Explications

                   En entrant dans la maison, toujours aussi silencieuse, je rencontrai Harold.

- Un thé, Miss ? me proposa-t-il

Ne voulant le vexer, je n'osais lui refuser.

- Bien volontiers, mentis-je, merci, cette promenade m'a achevée.

- Souhaitez-vous le prendre dans votre suite ? demanda-t-il.

- Non, je pense que je vais m'installer dehors et profiter encore de ce beau temps.

- Comme il vous plaira, je vous suggère donc la véranda.

- La véranda ? Je crains de ne pas avoir trouvé cette partie de la maison.

- Suivez-moi, je vous y conduis.

Une véranda... c'était tellement prévisible. Je le suivais donc intriguée, les yeux brillants de la merveille que j'allais encore découvrir, nous traversâmes l'entrée puis la Dining room dans laquelle se trouvait une deuxième porte côté cuisine que je n'avais pas vu et qui donnait effectivement sur une immense véranda. Toute vitrée, le toit se terminait en épi, des panneaux blancs empêchaient une partie de la lumière de pénétrer, évitant ainsi à certaines plantes d'être en contact direct avec les rayons du soleil. Même la végétation  ici avait droit à un traitement de faveur. D'ailleurs, elles resplendissaient. Une chaleur ambiante m'envahit ce qui trancha avec le froid de tout ce verre.

Deux larges fauteuils en teck ornés de gros coussins confortables et une table basse étaient les seuls meubles de cette pièce.
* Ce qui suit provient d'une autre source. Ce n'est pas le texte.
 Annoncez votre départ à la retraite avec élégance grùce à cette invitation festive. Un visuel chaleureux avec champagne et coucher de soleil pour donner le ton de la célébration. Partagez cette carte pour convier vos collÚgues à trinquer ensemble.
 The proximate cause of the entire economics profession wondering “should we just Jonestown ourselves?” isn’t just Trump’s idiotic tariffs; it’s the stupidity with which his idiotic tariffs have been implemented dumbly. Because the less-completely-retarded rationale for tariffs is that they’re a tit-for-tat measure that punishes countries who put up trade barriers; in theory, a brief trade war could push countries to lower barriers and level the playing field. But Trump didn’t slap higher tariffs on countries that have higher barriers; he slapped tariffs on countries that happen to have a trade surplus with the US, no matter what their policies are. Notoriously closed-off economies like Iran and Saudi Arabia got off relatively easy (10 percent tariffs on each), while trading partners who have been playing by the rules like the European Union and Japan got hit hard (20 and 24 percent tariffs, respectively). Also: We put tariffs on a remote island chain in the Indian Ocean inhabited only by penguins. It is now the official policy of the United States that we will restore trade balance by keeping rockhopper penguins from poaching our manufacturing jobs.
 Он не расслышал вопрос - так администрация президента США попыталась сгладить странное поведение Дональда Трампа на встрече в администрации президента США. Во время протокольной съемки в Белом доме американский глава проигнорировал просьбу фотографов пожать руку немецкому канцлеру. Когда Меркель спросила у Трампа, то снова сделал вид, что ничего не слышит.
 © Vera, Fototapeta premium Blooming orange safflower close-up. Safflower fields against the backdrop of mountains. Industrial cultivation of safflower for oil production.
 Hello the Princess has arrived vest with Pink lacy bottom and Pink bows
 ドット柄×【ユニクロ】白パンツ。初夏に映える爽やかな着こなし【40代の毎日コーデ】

Je m'installai et m'enfonçai dans le moelleux du molleton blanc et me détendis instantanément. Je fermai les yeux, bercée par cette douce et chaude atmosphère . Harold arriva un plateau dans les mains, il le posa sur la table basse.
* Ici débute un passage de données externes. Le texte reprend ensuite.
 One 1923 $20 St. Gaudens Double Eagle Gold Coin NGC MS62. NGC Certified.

- J'ai pensé qu'un Earl Grey vous conviendrait, me dit-il un sourire aux lèvres.

- Oui, c'est parfait merci, lui répondis- je en lui rendant son sourire. Il s'éloigna.

- Harold ? l'interpellai-je.

- Autre chose Miss ? Il pensait sûrement que quelque chose me manquait, il ne se trompait guère. Une présence.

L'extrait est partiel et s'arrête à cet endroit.